▶ [Saved data entries]
------------------------

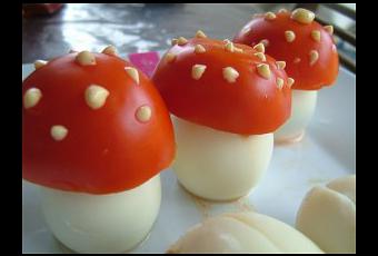 Couper la tomate en 2 dans le sens de largeur et les évider de maniere a pouvoir les poser sur les oeufs en guise de chapeau. Scotchez le chapeau à l’aide d’un peu de mayonnaise (si elle n’est pas trop liquide)
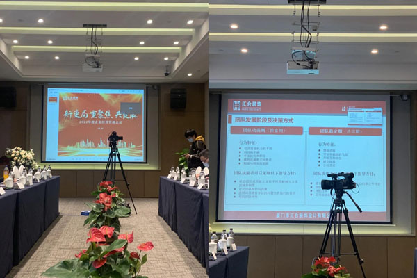耕耘更知韶光贵,不用扬鞭自奋蹄。为更好地谋划公司来年发展,提前规划2022年度经营工作,确保公司稳健高效运营。2021年12月30日,汇合装饰公司“2022年度企业经营管理会议”在厦门京僎酒店召开。会议全面总结公司2021年度经营管理情况,深入分析当前行业发展形式,研究部署2022年重点工作。公司总经理、各职能部门负责人及各项目负责人等共计50余人参会。同时,省外项目负责人也在通过直播会议视频,线上参会。
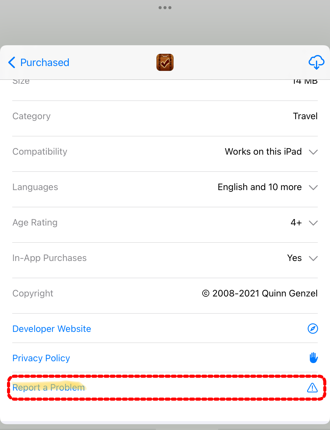 앱 설명 하단에 'Report a Problem' (문제 보고)라는 메뉴가 있습니다.
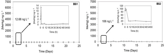 Analyzing the results of Figure 5, it should be noted that, at the time of methylation, both BS1 and BS2 experiments showed pH values ranging from 5.0 to 5.5. As discussed previously, acidic pH in a favorable environment can favor the Hg methylation process. Studies show that only the acidic pH cannot regulate the formation of MeHg and, depending on the environment, Hg2+ bonds with free sulfide may occur, decreasing Hg methylation [8,28,29].
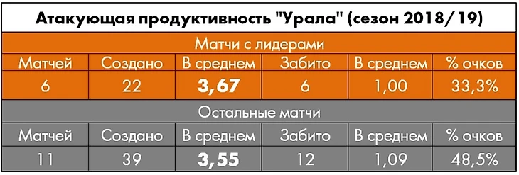 При Парфенове со стандартов «Урал» создает на треть больше голевых ситуаций, чем в прошлом сезоне при Тарханове (0,88 против 0,63 в среднем за игру), причем находит шансы даже в матчах против заведомо более габаритных соперников («Ростов», «Спартак», «Уфа»).
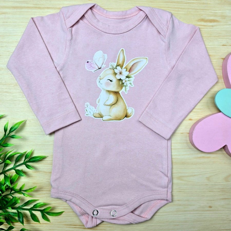 Body Longo Bebê Menina Rosa- Coelhinha
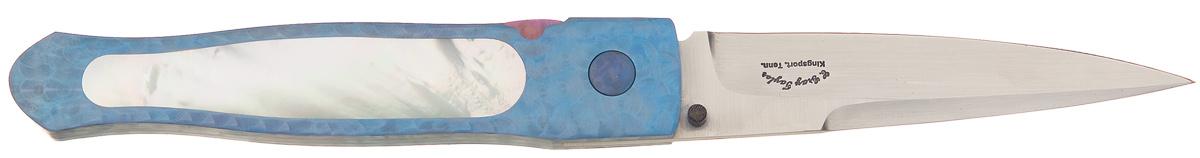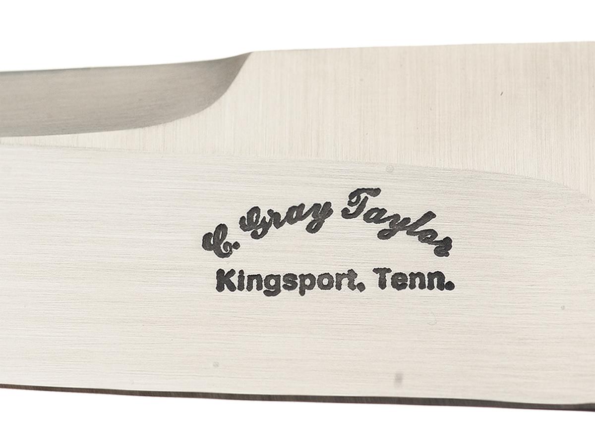 This folding knife was fabricated by award winning knifemaker C. Gray Taylor. For the past 30 year Taylor has created art in the form of custom knives, and he is a member of the Art Knife Invitational, a prestigious group of 25 of the most collectible knifemakers in the world. Today, he specializes in reproductions of historical multi-blade gentleman folders. This folding knife has a 3 3/8 inch blade marked "C. Gray Taylor / Kingsport, Tenn." The blue alloy jeweled frame has mother of pearl inlaid panels. The inside of the frame is also jeweled. OAL: 7 7/8"
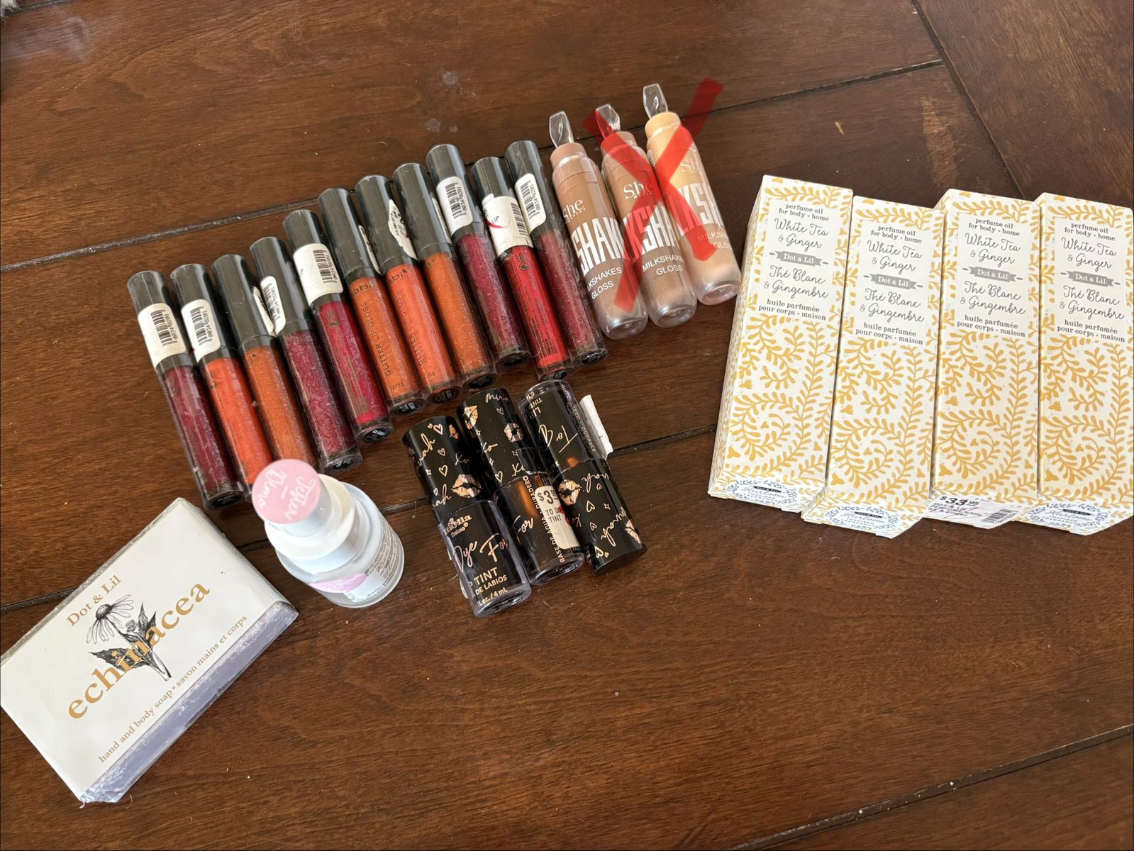 I have a bunch of new hair, lip & beauty supplies. I have a friend that owns a boutique and cleared out unsold products to make room for new things. There are 8 plastic headbands (4 different patterns), 3 peach bow hair clips, 9 soft scrunchies (3 different colors), 11 Nabi glitter lipglosses, 3 Italia lip stains, 1 bar of Echinacea soap, 4 Dot & Lil rice flower perfume sprays, 1 Dot & Lil white tea & ginger perfume spray. They are all new with price tags except the white tea & ginger spray because it was a tester bottle for customers to try. The price tags go from $2.95 to $33.95 each. I’m asking $35 for all of it together. See my other ads for jewelry, artwork, home decor and more.

------------------------

▶ [EXERCISE DETAILS] Give the data again exactly as written, with no pictures included.

▶ [OUTPUT FOR THIS EXERCISE]
 Couper la tomate en 2 dans le sens de largeur et les évider de maniere a pouvoir les poser sur les oeufs en guise de chapeau. Scotchez le chapeau à l’aide d’un peu de mayonnaise (si elle n’est pas trop liquide)
耕耘更知韶光贵,不用扬鞭自奋蹄。为更好地谋划公司来年发展,提前规划2022年度经营工作,确保公司稳健高效运营。2021年12月30日,汇合装饰公司“2022年度企业经营管理会议”在厦门京僎酒店召开。会议全面总结公司2021年度经营管理情况,深入分析当前行业发展形式,研究部署2022年重点工作。公司总经理、各职能部门负责人及各项目负责人等共计50余人参会。同时,省外项目负责人也在通过直播会议视频,线上参会。
 앱 설명 하단에 'Report a Problem' (문제 보고)라는 메뉴가 있습니다.
 Analyzing the results of Figure 5, it should be noted that, at the time of methylation, both BS1 and BS2 experiments showed pH values ranging from 5.0 to 5.5. As discussed previously, acidic pH in a favorable environment can favor the Hg methylation process. Studies show that only the acidic pH cannot regulate the formation of MeHg and, depending on the environment, Hg2+ bonds with free sulfide may occur, decreasing Hg methylation [8,28,29].
 При Парфенове со стандартов «Урал» создает на треть больше голевых ситуаций, чем в прошлом сезоне при Тарханове (0,88 против 0,63 в среднем за игру), причем находит шансы даже в матчах против заведомо более габаритных соперников («Ростов», «Спартак», «Уфа»).
 Body Longo Bebê Menina Rosa- Coelhinha
 This folding knife was fabricated by award winning knifemaker C. Gray Taylor. For the past 30 year Taylor has created art in the form of custom knives, and he is a member of the Art Knife Invitational, a prestigious group of 25 of the most collectible knifemakers in the world. Today, he specializes in reproductions of historical multi-blade gentleman folders. This folding knife has a 3 3/8 inch blade marked "C. Gray Taylor / Kingsport, Tenn." The blue alloy jeweled frame has mother of pearl inlaid panels. The inside of the frame is also jeweled. OAL: 7 7/8"
 I have a bunch of new hair, lip & beauty supplies. I have a friend that owns a boutique and cleared out unsold products to make room for new things. There are 8 plastic headbands (4 different patterns), 3 peach bow hair clips, 9 soft scrunchies (3 different colors), 11 Nabi glitter lipglosses, 3 Italia lip stains, 1 bar of Echinacea soap, 4 Dot & Lil rice flower perfume sprays, 1 Dot & Lil white tea & ginger perfume spray. They are all new with price tags except the white tea & ginger spray because it was a tester bottle for customers to try. The price tags go from $2.95 to $33.95 each. I’m asking $35 for all of it together. See my other ads for jewelry, artwork, home decor and more.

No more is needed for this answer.